**Material shown**:
=====
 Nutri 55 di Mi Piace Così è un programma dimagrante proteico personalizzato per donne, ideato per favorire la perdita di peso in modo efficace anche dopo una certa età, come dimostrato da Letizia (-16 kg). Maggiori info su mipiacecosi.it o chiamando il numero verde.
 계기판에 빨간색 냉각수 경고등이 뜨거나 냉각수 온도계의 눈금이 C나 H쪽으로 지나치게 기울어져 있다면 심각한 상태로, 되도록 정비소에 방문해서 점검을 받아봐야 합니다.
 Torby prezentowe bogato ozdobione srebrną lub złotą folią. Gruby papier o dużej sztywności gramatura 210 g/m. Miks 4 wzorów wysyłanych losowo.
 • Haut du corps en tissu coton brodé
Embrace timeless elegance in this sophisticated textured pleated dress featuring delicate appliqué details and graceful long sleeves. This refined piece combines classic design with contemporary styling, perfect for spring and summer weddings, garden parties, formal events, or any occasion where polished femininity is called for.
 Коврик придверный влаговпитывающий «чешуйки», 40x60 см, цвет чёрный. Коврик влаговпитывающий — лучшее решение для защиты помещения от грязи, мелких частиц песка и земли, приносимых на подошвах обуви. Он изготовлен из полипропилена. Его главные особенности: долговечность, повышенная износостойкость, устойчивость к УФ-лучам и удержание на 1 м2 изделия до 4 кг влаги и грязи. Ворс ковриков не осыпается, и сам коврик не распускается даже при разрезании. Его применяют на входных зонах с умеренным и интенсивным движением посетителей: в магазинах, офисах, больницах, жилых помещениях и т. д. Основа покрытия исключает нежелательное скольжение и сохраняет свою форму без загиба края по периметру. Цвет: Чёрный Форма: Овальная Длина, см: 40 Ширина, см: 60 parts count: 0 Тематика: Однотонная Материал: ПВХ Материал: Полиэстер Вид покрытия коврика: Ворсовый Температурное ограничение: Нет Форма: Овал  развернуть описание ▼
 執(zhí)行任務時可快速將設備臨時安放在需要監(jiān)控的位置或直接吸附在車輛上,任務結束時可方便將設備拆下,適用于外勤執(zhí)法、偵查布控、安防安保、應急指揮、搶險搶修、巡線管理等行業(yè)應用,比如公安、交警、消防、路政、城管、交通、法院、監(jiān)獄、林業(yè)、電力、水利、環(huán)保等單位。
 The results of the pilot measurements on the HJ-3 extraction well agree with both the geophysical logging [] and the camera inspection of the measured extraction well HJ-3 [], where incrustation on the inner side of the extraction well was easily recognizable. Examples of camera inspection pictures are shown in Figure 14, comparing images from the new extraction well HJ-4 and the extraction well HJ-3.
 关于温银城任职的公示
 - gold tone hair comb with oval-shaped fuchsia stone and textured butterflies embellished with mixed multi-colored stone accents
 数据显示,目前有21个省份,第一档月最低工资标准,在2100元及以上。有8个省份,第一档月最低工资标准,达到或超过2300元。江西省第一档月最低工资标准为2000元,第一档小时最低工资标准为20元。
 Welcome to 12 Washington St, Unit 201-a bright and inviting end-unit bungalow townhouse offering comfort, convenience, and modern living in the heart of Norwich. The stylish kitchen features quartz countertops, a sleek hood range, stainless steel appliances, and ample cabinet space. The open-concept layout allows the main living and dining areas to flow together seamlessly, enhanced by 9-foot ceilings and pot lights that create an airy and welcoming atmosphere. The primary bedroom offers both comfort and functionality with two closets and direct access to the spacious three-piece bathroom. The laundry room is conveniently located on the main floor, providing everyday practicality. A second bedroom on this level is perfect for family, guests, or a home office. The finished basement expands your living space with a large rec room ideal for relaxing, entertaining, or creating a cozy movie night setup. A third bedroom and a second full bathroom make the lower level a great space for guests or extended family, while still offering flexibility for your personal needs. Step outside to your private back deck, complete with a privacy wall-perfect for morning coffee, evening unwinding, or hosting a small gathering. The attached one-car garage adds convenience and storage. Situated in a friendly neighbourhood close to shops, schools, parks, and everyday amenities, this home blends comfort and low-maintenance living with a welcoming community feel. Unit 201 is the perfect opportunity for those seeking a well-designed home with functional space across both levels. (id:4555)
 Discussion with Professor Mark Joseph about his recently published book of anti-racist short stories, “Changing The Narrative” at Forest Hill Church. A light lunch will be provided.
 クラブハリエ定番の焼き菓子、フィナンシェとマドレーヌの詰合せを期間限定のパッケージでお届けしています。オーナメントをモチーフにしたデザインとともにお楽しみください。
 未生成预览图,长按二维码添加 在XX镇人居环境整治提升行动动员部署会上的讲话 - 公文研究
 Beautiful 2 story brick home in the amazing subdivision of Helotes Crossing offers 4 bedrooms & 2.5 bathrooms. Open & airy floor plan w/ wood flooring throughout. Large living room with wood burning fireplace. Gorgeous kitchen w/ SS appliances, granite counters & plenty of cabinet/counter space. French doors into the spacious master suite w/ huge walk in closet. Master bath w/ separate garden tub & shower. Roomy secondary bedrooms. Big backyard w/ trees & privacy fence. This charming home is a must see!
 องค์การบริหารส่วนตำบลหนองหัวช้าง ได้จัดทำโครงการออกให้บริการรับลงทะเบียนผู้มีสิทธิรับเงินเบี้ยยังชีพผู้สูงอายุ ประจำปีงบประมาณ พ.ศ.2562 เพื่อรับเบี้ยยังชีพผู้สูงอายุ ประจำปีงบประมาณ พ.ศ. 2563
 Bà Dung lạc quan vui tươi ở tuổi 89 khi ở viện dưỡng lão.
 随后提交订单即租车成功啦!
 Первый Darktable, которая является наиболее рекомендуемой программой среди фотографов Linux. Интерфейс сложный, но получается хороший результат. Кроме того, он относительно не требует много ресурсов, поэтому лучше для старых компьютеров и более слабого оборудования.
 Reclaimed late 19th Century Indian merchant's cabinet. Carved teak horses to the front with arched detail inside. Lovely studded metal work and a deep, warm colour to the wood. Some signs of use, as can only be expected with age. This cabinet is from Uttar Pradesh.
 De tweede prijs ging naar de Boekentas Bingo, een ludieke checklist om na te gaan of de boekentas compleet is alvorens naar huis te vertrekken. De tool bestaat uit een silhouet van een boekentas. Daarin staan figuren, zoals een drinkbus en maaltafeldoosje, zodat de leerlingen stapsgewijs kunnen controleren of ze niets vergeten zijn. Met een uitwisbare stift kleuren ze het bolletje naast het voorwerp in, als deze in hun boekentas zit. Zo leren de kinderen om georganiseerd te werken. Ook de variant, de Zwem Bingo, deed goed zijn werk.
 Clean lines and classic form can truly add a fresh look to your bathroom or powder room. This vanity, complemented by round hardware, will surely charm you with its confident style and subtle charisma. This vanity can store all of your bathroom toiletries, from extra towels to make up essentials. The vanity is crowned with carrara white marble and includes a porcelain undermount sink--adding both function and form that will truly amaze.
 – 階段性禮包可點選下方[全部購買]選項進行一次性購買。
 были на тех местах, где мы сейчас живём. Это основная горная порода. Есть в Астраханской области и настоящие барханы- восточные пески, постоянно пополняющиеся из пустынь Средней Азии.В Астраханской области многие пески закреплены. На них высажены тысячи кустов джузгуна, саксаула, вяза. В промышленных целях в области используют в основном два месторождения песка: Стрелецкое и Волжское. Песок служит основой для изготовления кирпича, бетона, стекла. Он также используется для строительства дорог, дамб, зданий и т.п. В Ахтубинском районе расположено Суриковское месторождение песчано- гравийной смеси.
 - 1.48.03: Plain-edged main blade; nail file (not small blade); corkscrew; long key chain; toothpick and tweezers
=====
**Your goal**:
Each line of the records, from the opening one through the line holding "Embrace timeless elegance", should be restated word for word, with nothing else in the answer.

**Written solution**:
 Nutri 55 di Mi Piace Così è un programma dimagrante proteico personalizzato per donne, ideato per favorire la perdita di peso in modo efficace anche dopo una certa età, come dimostrato da Letizia (-16 kg). Maggiori info su mipiacecosi.it o chiamando il numero verde.
 계기판에 빨간색 냉각수 경고등이 뜨거나 냉각수 온도계의 눈금이 C나 H쪽으로 지나치게 기울어져 있다면 심각한 상태로, 되도록 정비소에 방문해서 점검을 받아봐야 합니다.
 Torby prezentowe bogato ozdobione srebrną lub złotą folią. Gruby papier o dużej sztywności gramatura 210 g/m. Miks 4 wzorów wysyłanych losowo.
 • Haut du corps en tissu coton brodé
Embrace timeless elegance in this sophisticated textured pleated dress featuring delicate appliqué details and graceful long sleeves. This refined piece combines classic design with contemporary styling, perfect for spring and summer weddings, garden parties, formal events, or any occasion where polished femininity is called for.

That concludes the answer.